## Data for this task
================

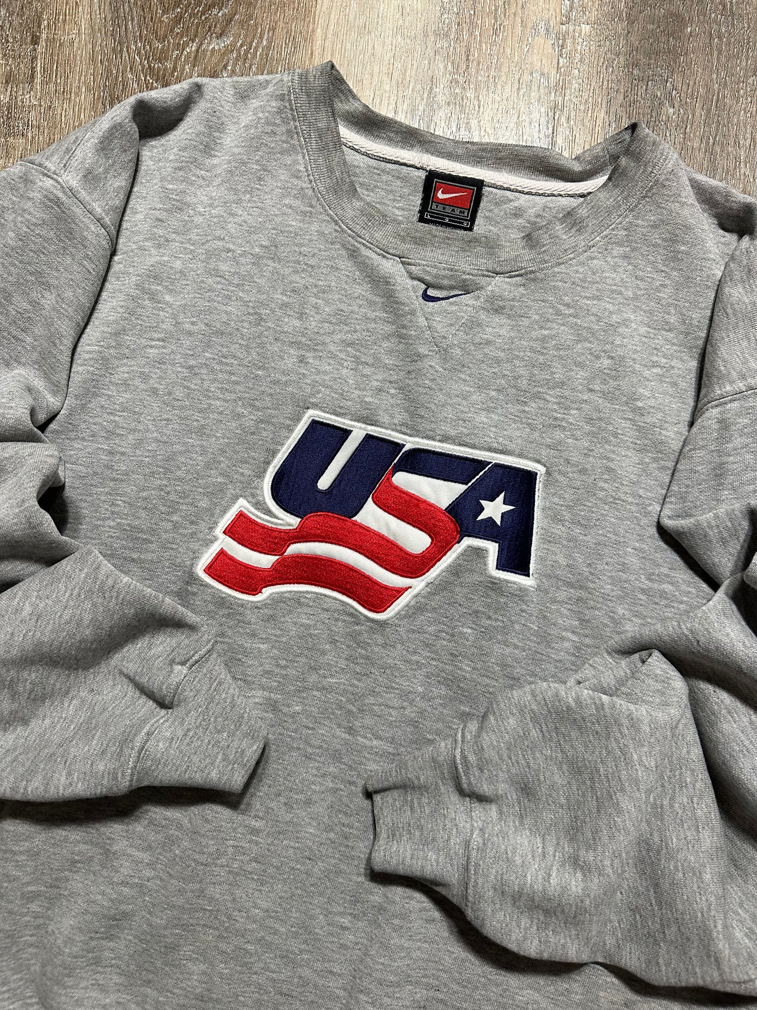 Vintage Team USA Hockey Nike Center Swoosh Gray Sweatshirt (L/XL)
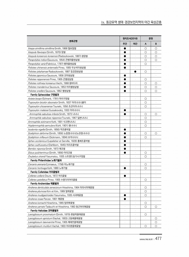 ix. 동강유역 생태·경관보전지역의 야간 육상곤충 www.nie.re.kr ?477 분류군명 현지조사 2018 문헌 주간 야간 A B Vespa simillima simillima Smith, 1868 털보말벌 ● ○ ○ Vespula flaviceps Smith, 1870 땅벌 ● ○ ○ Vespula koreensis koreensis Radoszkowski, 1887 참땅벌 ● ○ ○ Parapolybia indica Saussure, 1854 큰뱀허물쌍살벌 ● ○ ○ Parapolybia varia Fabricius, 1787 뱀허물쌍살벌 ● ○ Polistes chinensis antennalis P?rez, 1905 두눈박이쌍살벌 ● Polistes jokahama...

================

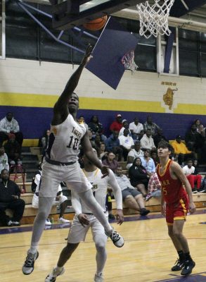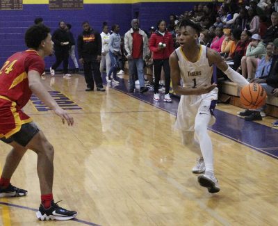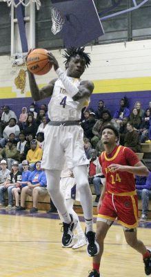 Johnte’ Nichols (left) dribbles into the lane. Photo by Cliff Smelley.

================

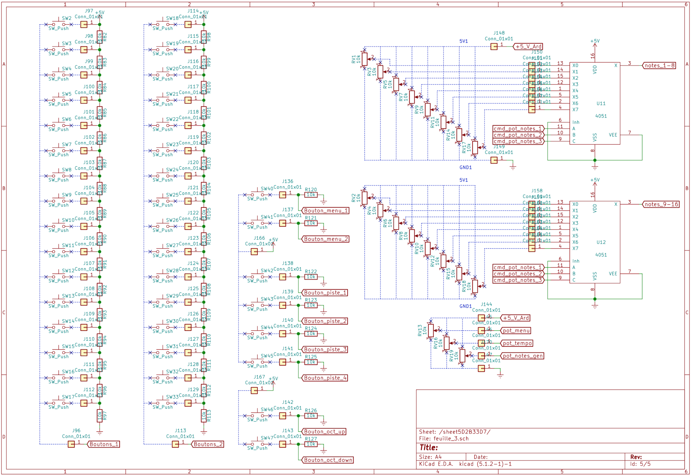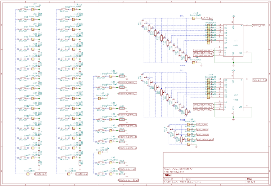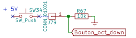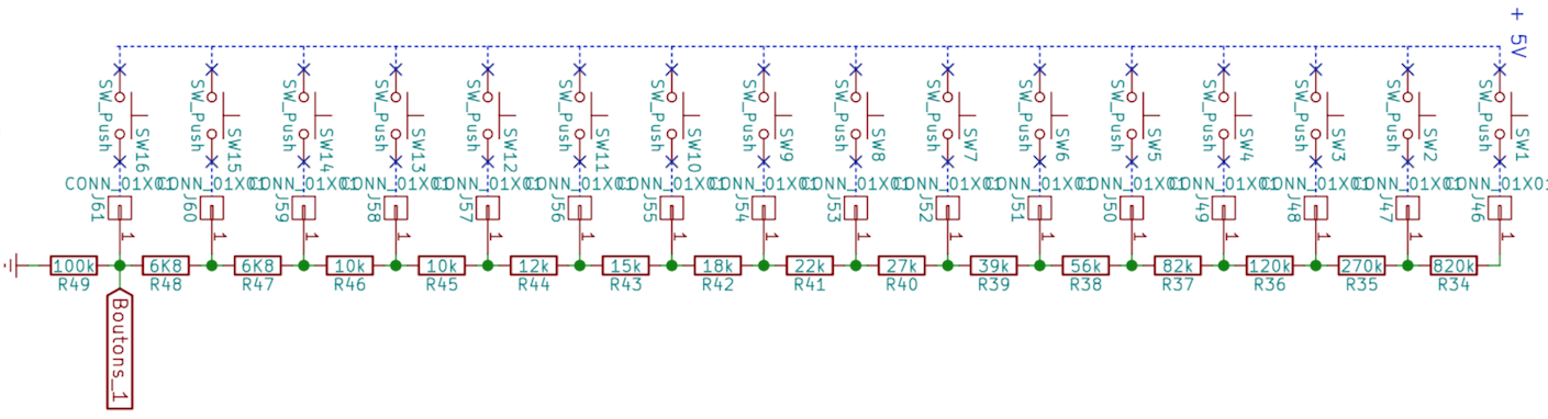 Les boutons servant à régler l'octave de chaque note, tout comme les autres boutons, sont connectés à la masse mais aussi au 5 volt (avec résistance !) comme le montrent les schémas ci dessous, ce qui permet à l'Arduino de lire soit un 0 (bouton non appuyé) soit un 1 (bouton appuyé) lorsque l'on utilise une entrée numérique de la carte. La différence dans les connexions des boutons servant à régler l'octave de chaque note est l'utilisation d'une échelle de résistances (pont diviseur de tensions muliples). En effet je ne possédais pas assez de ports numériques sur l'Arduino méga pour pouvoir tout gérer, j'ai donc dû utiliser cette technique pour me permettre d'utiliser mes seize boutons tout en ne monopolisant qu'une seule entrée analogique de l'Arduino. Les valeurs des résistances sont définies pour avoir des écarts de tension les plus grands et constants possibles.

================

## Requirement
Could you output exactly the lines above, from the line with "Vintage Team USA" up to and including the line with "ix. 동강유역 생태·경관보전지역의", and nothing else, skipping the pictures?

## Written solution
 Vintage Team USA Hockey Nike Center Swoosh Gray Sweatshirt (L/XL)
 ix. 동강유역 생태·경관보전지역의 야간 육상곤충 www.nie.re.kr ?477 분류군명 현지조사 2018 문헌 주간 야간 A B Vespa simillima simillima Smith, 1868 털보말벌 ● ○ ○ Vespula flaviceps Smith, 1870 땅벌 ● ○ ○ Vespula koreensis koreensis Radoszkowski, 1887 참땅벌 ● ○ ○ Parapolybia indica Saussure, 1854 큰뱀허물쌍살벌 ● ○ ○ Parapolybia varia Fabricius, 1787 뱀허물쌍살벌 ● ○ Polistes chinensis antennalis P?rez, 1905 두눈박이쌍살벌 ● Polistes jokahama...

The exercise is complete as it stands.